Article date: 2002/08/01
Breast cancer rates among Asian Americans have traditionally been lower than those of other Americans, but that may be changing.

The rates of breast cancer among some women of Asian-American descent, particularly Japanese Americans, may be approaching those of white women, according to new research.

University of Southern California researchers examined the trends in Los Angeles County and reported their results in the International Journal of Cancer (Vol. 99: 747-750).

Traditionally Lower Rates Of Breast Cancer Among Asians
Asian women have some of the lowest breast cancer rates of any group in the world, while the rates are highest in countries such as the US.

Much of this has been linked to differences in lifestyle factors such as diet, exercise, body weight, and choosing to have children later in life (or not at all).

Ethnicity and national origin are among the strongest known predictors of breast cancer risk, the authors said.
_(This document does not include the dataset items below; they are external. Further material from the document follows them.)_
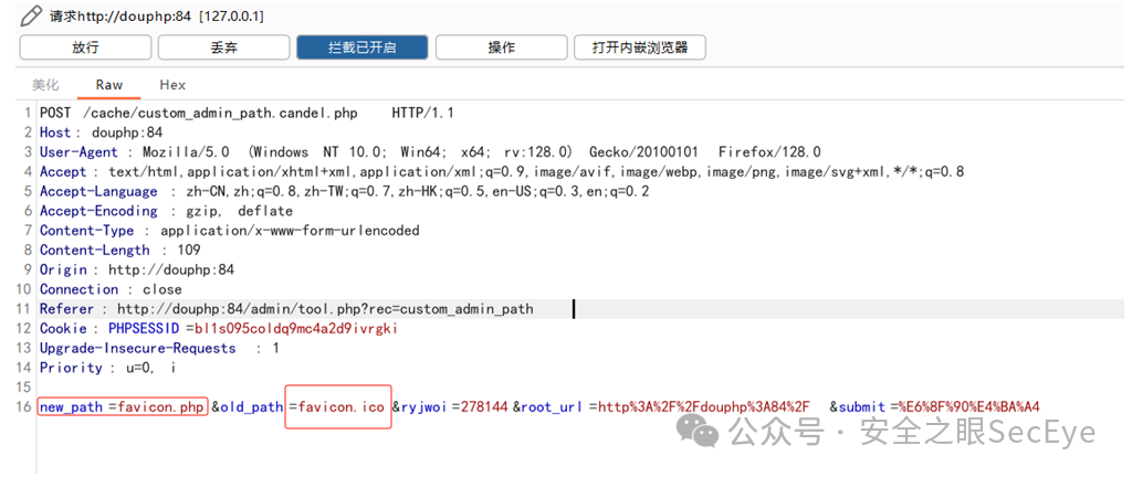 Referer: http://douphp:84/admin/tool.php?rec=custom\_admin\_path
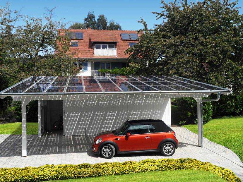 Удобный навес для автомобиля с хоз. постройкойИсточник solarcarporte.de
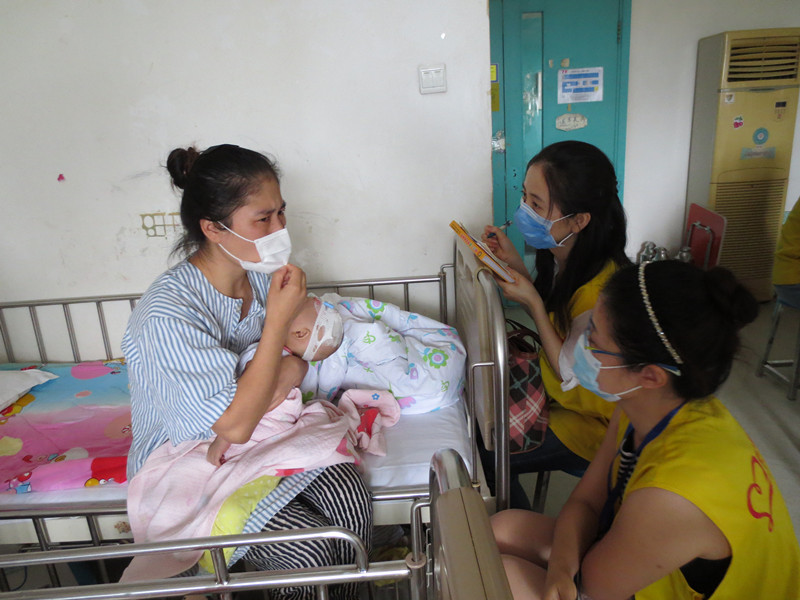 这两位志愿者在听孩子妈妈讲述孩子发病及治疗过程,记录十分认真。采访之余,她们还为孩子妈妈加油鼓劲,帮她想办法获得生活来源。

These factors are thought to affect a woman's risk even more than those associated with menstrual periods and childbearing.

But breast cancer rates have risen sharply in recent years in some Asian countries such as Japan, where women have adopted more "Westernized" lifestyles. In fact, breast cancer is expected to soon become the most common cancer among women in Japan, the authors said.

It has also been known for some time that the risk of breast cancer increases among generations of Asians who migrate to the US. But experts say this risk is still low compared to other groups such as whites and African Americans.

Rates Often Difficult To Measure
Nationwide, cancer rates among Asian-American populations have been difficult to measure. This is because they represent a smaller fraction of the population than do whites or African Americans. They may not be accurately represented for other reasons as well. They may be misclassified, or they may not use Western-style doctors.

When cancer rates are recorded, all Asian Americans are usually lumped together in a single category, even though groups from different countries often have different genetic and environmental backgrounds.

Study: Breast Cancer Trends Are Disturbing
For this study, Dennis Deapen, DrPh, and colleagues looked at cancer rates in Los Angeles County the most highly populated and one of the most ethnically diverse counties in the US. They examined cancer trends among different ethnic groups from 1993 to 1997.

Over this five-year period, breast cancer rates among Asian Americans older than 50 increased by slightly more than 6% per year. In contrast, the increase among whites averaged only 1.5% per year, and was even lower among African Americans.

The researchers also looked at the numbers among different Asian-American groups. The highest increases were among Japanese Americans, who were the earliest to settle in large numbers in the Los Angeles area.

By 1997, these rates were higher than those seen for blacks, and were approaching those of white women.

If this trend has continued (there is a lag time of a few years needed to collect results), the rate among Japanese Americans may now be higher than among any other group, said the authors.

The rates for Filipino women were almost as high as those for Japanese Americans. Women of Chinese and Korean descent had rates about half those of Japanese and Filipino women.

The study authors pointed out that in general, these groups migrated to the US later, which may mean that the rates can be expected to rise in the future, as they too adopt more Westernized lifestyles.

Awareness Needed Among These Populations
Both doctors and the Asian-American women they care for need to be mindful that they may be at greater risk than once thought, the authors noted.

"These data demonstrate the need for increasing awareness among Asian women and their health care providers of breast cancer as a significant health hazard," said the authors.

"It is possible that many physicians are unaware that the well-known low breast cancer risk among these women in past decades is no longer true and that breast cancer screening is as important as among white and African-American women," they concluded.